PROBLEM STATEMENT: There is one span to output from the data below: the lines starting at the line with "23 Brookside Close, Wombourne, Wolverhampton" and ending at the line with "Onboard power packs & motor controls". Output it exactly, ends included, nothing more.

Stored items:
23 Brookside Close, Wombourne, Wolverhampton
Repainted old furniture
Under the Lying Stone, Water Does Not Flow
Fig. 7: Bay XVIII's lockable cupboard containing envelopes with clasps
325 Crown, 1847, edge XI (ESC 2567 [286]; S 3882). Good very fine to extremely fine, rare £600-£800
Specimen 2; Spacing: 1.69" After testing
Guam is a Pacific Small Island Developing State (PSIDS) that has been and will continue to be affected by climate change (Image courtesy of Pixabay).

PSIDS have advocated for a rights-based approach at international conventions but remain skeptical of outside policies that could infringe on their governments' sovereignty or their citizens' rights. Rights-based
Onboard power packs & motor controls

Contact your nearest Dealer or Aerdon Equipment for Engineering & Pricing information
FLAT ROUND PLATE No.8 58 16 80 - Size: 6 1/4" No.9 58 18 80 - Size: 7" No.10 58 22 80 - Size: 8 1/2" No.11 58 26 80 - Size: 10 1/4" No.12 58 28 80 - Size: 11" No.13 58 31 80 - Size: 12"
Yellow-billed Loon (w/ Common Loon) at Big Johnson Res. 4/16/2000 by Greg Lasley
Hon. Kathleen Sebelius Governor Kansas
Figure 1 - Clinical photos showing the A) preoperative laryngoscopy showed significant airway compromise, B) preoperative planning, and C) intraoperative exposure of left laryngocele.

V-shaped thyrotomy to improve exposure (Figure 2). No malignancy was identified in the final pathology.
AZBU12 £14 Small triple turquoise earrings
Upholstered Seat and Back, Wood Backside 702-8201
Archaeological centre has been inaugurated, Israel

--

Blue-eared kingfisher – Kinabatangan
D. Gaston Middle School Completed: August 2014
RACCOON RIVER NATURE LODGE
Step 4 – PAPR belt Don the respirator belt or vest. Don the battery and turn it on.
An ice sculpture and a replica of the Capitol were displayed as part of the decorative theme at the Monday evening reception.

RESPONSE BOX:
23 Brookside Close, Wombourne, Wolverhampton
Repainted old furniture
Under the Lying Stone, Water Does Not Flow
Fig. 7: Bay XVIII's lockable cupboard containing envelopes with clasps
325 Crown, 1847, edge XI (ESC 2567 [286]; S 3882). Good very fine to extremely fine, rare £600-£800
Specimen 2; Spacing: 1.69" After testing
Guam is a Pacific Small Island Developing State (PSIDS) that has been and will continue to be affected by climate change (Image courtesy of Pixabay).

PSIDS have advocated for a rights-based approach at international conventions but remain skeptical of outside policies that could infringe on their governments' sovereignty or their citizens' rights. Rights-based
Onboard power packs & motor controls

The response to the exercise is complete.